L'école dite des Parnassiens représente en littérature un premier aboutissement de ce
mouvement. Elle marque les années 1850-1870. Le premier volume du Parnassien contemporain (1866)
rassemble notamment des textes de Théophile Gautier, Banville, Leconte de Lisle, Coppée, SullyPrudhomme, Baudelaire, Verlaine et Mallarmé. Mais cette école finira par constituer à son tour une
forme de l'art officiel.
" Sculpteur, cherche avec soin, en attendant l'extase,
Un marbre sans défaut pour en faire un beau vase..."
Théodore de Banville
De "l'art pour l'art " au Parnasse :
De l'"art pour l'art" au Parnasse la continuité se fait dans un même primat accordé à la forme
sur toute idée de message ou de confidence, et dans le même souci de travailler cette forme jusqu'à
sa perfection canonique.
Le mouvement se nourrit cependant de l'apport de tout le courant de pensée positiviste,
comme le montrent les déclarations d'intention et les oeuvre de Leconte de Lisle. Ce fils de planteur
créole a d'abord aimé, lui aussi, le romantisme engagé de 1830, vers lequel le poussait son
enthousiasme pour les thèses de Fourier ou Lamennais. Mais juin 1848, en sonnant le glas de ses
espérances politiques et humanistes, fait de lui un "abstentionniste" de l'histoire. Là où d'autres,
comme Hugo ou Michelet, trouvent matière à mobiliser leurs convictions et leur génie, l'auteur des
Poèmes antiques et des Poèmes barbares trouve refuge dans l'approche "scientifique" d'une histoire morte
ou "dépaysé" : les civilisations anciennes, l'exotisme tropical, etc. Au service d'une volonté de
"réconcilier l'Art et la Science" , il met effectivement les ressources de disciplines nouvelles que le
positivisme triomphant est en train de consacrer : l'histoire, l'archéologie, la linguistique notamment.
Le credo parnassien :
Si l'on voit bien le risque de glissement constant d'une poésie documentée vers une poésie
"documentaire" ou naïvement érudite - risque qui menaça nombre de poètes du groupe constitué dès
1866 autour de la revue Le Parnasse contemporain -, on ne peut toutefois généraliser cette obsession
scientifique et cette menace. La disparate est en effet de mise dans ce regroupement de grands
(Leconte de Lisle, Banville, Heredia) et de moins grands poètes (Coppée, Mendès, Sully Prudhomme,
etc.), auxquels il faut adjoindre les collaborations occasionnelles de "modernes", comme Baudelaire,
Verlaine ou Mallarmé.
Cela dit, quatre convictions majeures regroupent autour de leurs chefs de file les poètes de la
génération "formaliste", quatres convictions qui peuvent être formulées comme autant de griefs à
l'endroit d'un romantisme dont beaucoup ont pourtant gardé une évidente nostalgie :
* contre les excès du Moi, le recours à l'impersonnalité
* contre la contingence et l'artificiel, une mystique de la beauté
* contre la "facilité" et les licences, le culte du travail
* contre les "vanités" de l'engagement, la prudence, la distance ou la "hauteur".

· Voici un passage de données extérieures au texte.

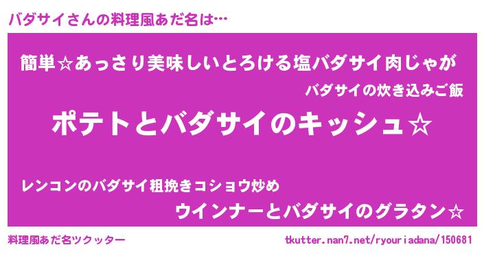 | 胡散臭い通販商品みたいなあだ名 | 『伝統あるサプリメント…その名も「バダサイ」』 |

L'Art pour l'Art est un synonyme de Parnasse. Les premières revendications se font dès 1830
notamment chez Théophile Gautier dans sa préface de Poésie. L'art devient dès lors une religion avec
un véritable culte pour la poésie. C'est en fait une bataille idéologique contre les romantiques. L'art est
une valeur, l'art a sa vérité en soi contrairement à ce que pensent les romantiques. Les Parnassiens sont
un groupement d'amitiés. Cette réaction anti-romantique démarre avec la découverte de Les Orientales
de Hugo. C'est une oeuvre charnière avec un genre pittoresque au sens plastique du terme. Hugo n'est
jamais allé en Orient : il se représente un orient fabuleux, il crée un orientalisme avec l'imagerie, le
paysage fabuleux. Il montre qu'une nouvelle littérature peut naître. Sa poésie est pittoresque et montre
bien le sensualisme d'Hugo, c'est une poésie qui parle aux sens. La poésie est alors un moyen de parer
le monde en lui rendant se couleurs.
En 1842, le texte de Jérôme Paturot, A la recherche...social, est un texte satirique sur l'époque.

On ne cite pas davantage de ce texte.